The ratings agency Fitch reaffirmed Abu Dhabi’s AA credit rating, pointing to the country’s vast sovereign wealth fund holdings as an ample buffer against the low oil price.
While the country’s fiscal deficits have widened as the collapse in oil prices drives government revenue lower, Fitch said that a mix of subsidy reforms, drawdowns on reserves and government-related entity deposits, and new local debt issuance mean that the shortfall is manageable.
Fitch also said that the issue ratings on Abu Dhabi’s senior unsecured foreign currency bonds have been affirmed at AA.
Fitch reiterated its call for the UAE to improve availability of standard economic data, and criticised the country’s “weak economic policy framework, particularly at the federal level”.
“Standard international investment position and balance of payments data are unavailable, and there is less information on the sovereign balance sheet than in peer [countries],” Fitch said.

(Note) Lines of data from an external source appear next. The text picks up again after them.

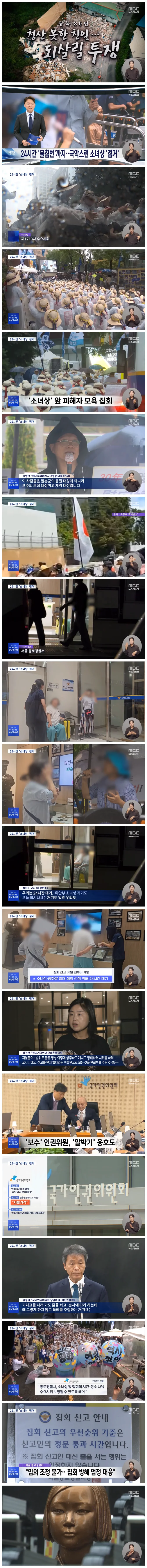 그래서 정작 수요집회는 소녀상에서 100미터 떨어진 곳에서 이뤄져야 했는데요.
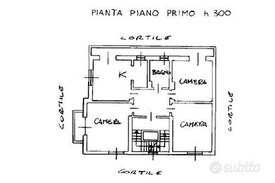Tramite grande vano scala il secondo appartamento di c.a. 118 mq, è suddiviso in cucina, soggiorno, due grandi camere da letto ed un servizio. In questo alloggio è stata rivista la pavimentazione.
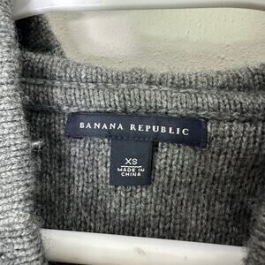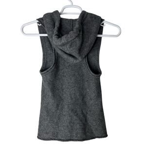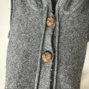 Banana Republic Womens XS Lambs Wool Sweater Vest Leather Buttons Hood Gray Knit
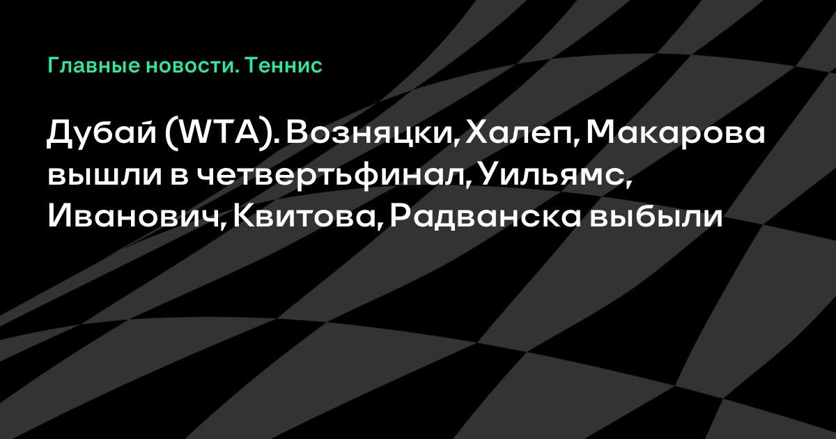 Дубай (WTA). Возняцки, Халеп, Макарова вышли в четвертьфинал, Уильямс, Иванович, Квитова, Радванска выбыли
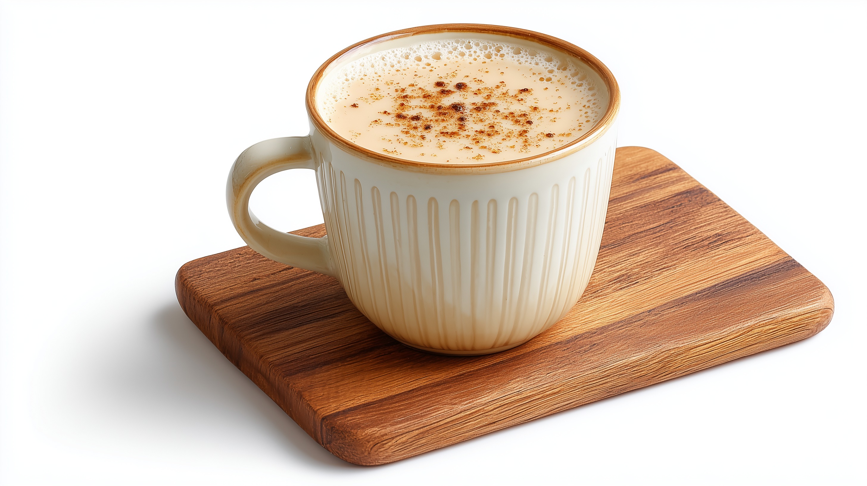 Das Foto zeigt eine dampfende Kaffeetasse auf einem hellen Holzbrett. Die Tasse hat eine gerillte Oberfläche und einen cremigen Schaum, der auf einen hochqualitativen Kaffee hindeutet. Das Holzbrett bringt eine rustikale, gemütliche Note in die Szene. Die Perspektive ist leicht von oben, was dem Bild eine einladende Atmosphäre verleiht. Insgesamt vermittelt das Foto ein stimmungsvolles Frühstücks- oder Pausenerlebnis, das sich hervorragend für den Einsatz in Blogs, auf Social-Media-Kanälen oder in Präsentationen eignet. Es kann Gefühle von Ruhe, Entspannung und Genuss transportieren und ist daher vielseitig einsetzbar.
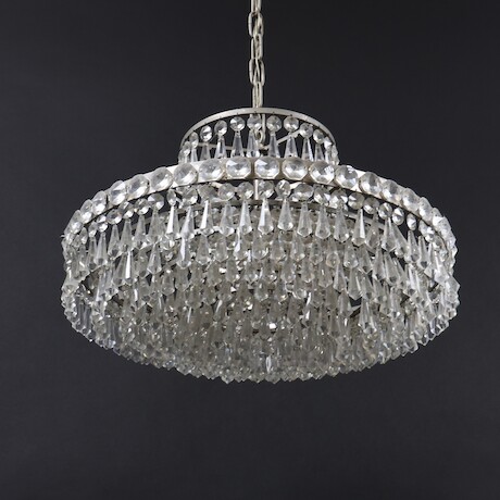 Bilder Taklampa, 1900-talets andra hälft, vitmetall, behängd med prismor diameter 44 cm
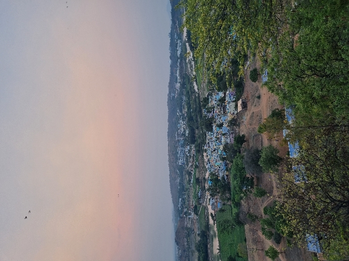 - "An elevated wide-angle view captures the village of Koyalaguttapalli, India, under a sky exhibiting a gradient from pale blue overhead to a soft pink-orange at the horizon" by FM-Qmj6l1, licensed under CC BY 4.0
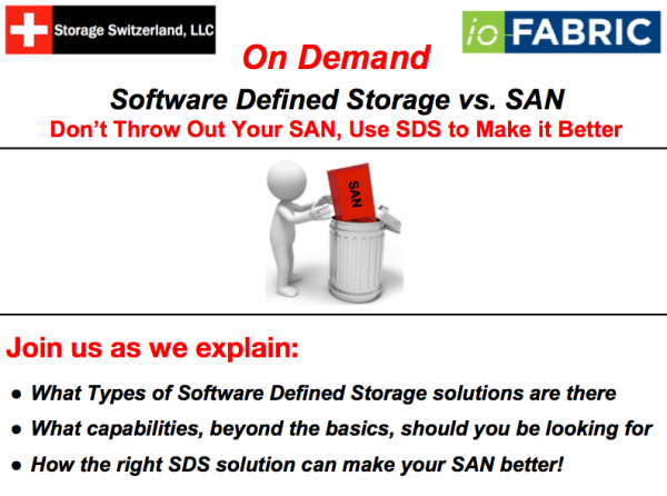 Join Storage Switzerland and ioFABRIC for this on demand webinar, “How to use Software Defined Storage to extend your SAN, not replace it”. We discuss the different types of software defined storage, why vendors want to replace your SAN instead of enhance it and what you can do to not only protect your current storage investments but also prepare a path to the future.
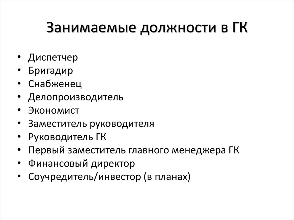 Занимаемые должности в ГК
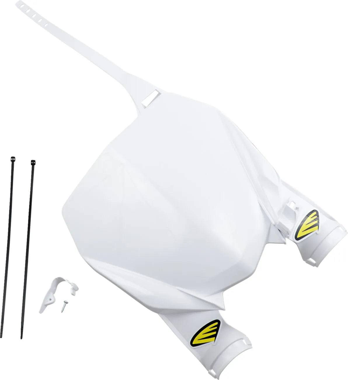 Enhance your bike's aesthetics and functionality with the Cycra Stadium Number Plate. Its ultra-lightweight and slim profile doesn't compromise on durability, making it ideal for demanding riding conditions. The number plate includes a Works cable guide and a crossbar strap for secure and organized cable management. Designed for top mounting, it wraps securely around the fork tubes for a snug fit. Older models feature an upper mounting bracket to accommodate front mount triple clamps, providing versatility across different bike setups. The included white and black screens allow for customization to match your bike's color scheme. Proudly made in the U.S.A., this number plate guarantees high-quality construction and performance.
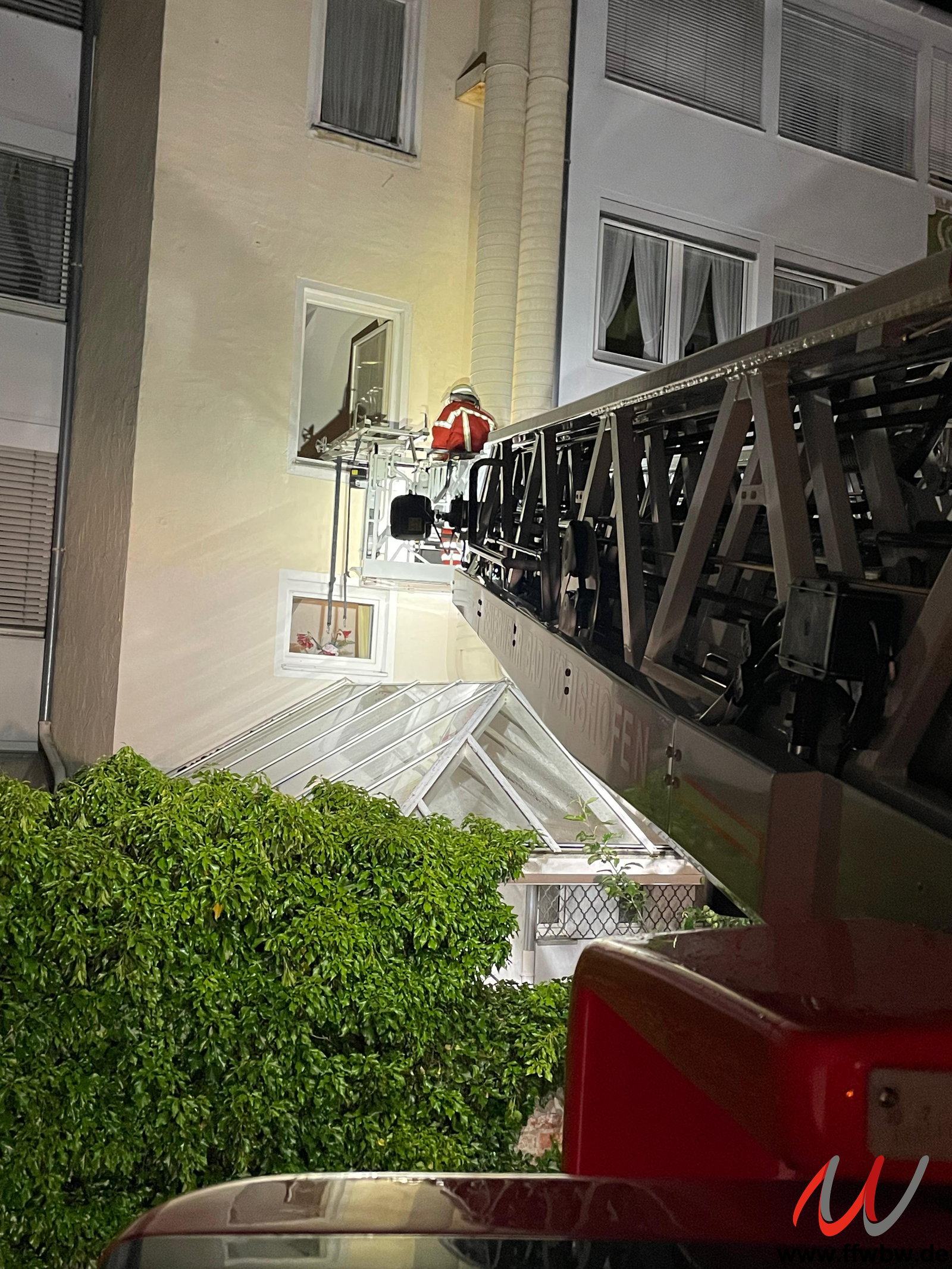 Alarmierung zu einer Personenrettung mit der Drehleiter in die Kneippstraße. Ein Patient musste aufgrund seines Krankheitsbildes liegend aus dem zweiten Obergeschoss nach unten befördert werden. Ein liegender Transport durch das Treppenhaus war aufgrund der baulichen Situation nicht möglich.

In Qatar, the slowdown in the country’s massive infrastructure spending will hit the banking sector this year, Standard & Poor’s said.
“Operating conditions for Qatari banks will toughen in 2016… [as] the Qatari public sector withdraws some of its deposits from the domestic banking system,” the ratings agency said.
Qatari banks have experienced double-digit credit growth over the past few years.
But analysts have worried that local credit markets could now be saturated, as the country’s loan-to-deposit ratio rises to above 115 per cent.
“We anticipate that banks will manage credit growth more conservatively,” S&P said.